# Is this crabgrass?



## cotoews (Jul 20, 2021)

Just moved into our place in Nashville, TN, so I haven't tried any pre/post emergent yet.


----------



## Spammage (Apr 30, 2017)

@cotoews you've got a mix there. The first two pics definitely appear to have a lot of crabgrass, while the primary weed in the third picture is johnsongrass. A few broadleaf weeds mixed in for good measure.

Edited to avoid confusion. 🤪


----------



## theguybrarian (Apr 11, 2020)

Spammage said:


> I would recommend a blanket spray with Celsius first.


Bio says fescue -- don't spray Celsius


----------



## Spammage (Apr 30, 2017)

theguybrarian said:


> Spammage said:
> 
> 
> > I would recommend a blanket spray with Celsius first.
> ...


Truth. I missed that because I thought I was seeing some bermuda in the pics. @cotoews ask the cool season guys for a plan.
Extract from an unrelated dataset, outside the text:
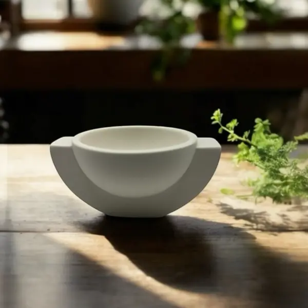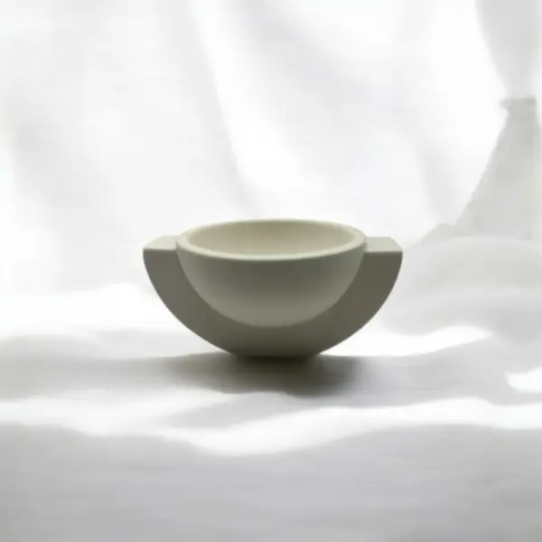 Handgegossen in der Schweiz aus einem mineralischen Eco-Komposit, wird jedes Stück sorgfältig geschliffen und versiegelt. Die matte Crème-Oberfläche verleiht der Schale eine ruhige, zeitlose Ausstrahlung.
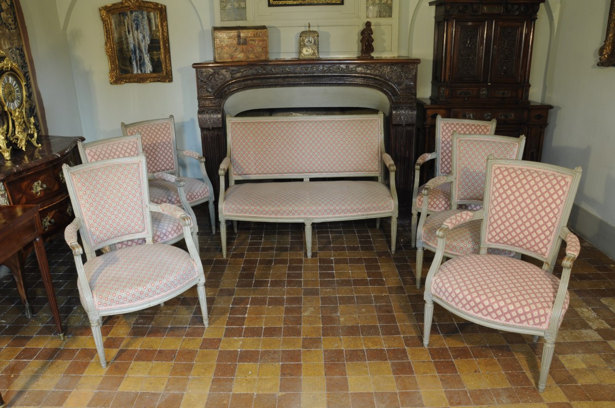 MOBILIER de SALON en bois mouluré et relaqué; dossiers en cabriolet évasé, accotoirs et pieds fuselés à cannelures rudentées.

I'm guessing it will be with Tenacity/Triclopyr though to start.

You may want to hold off on the pre-emergent too, because you might have to overseed.


----------



## cotoews (Jul 20, 2021)

Spammage said:


> the primary weed in the third picture is johnsongrass.


This was exactly what I was looking for; it was pretty tough to find a section that didn't have any broadleaf :roll:

Thanks for the replies, all!


----------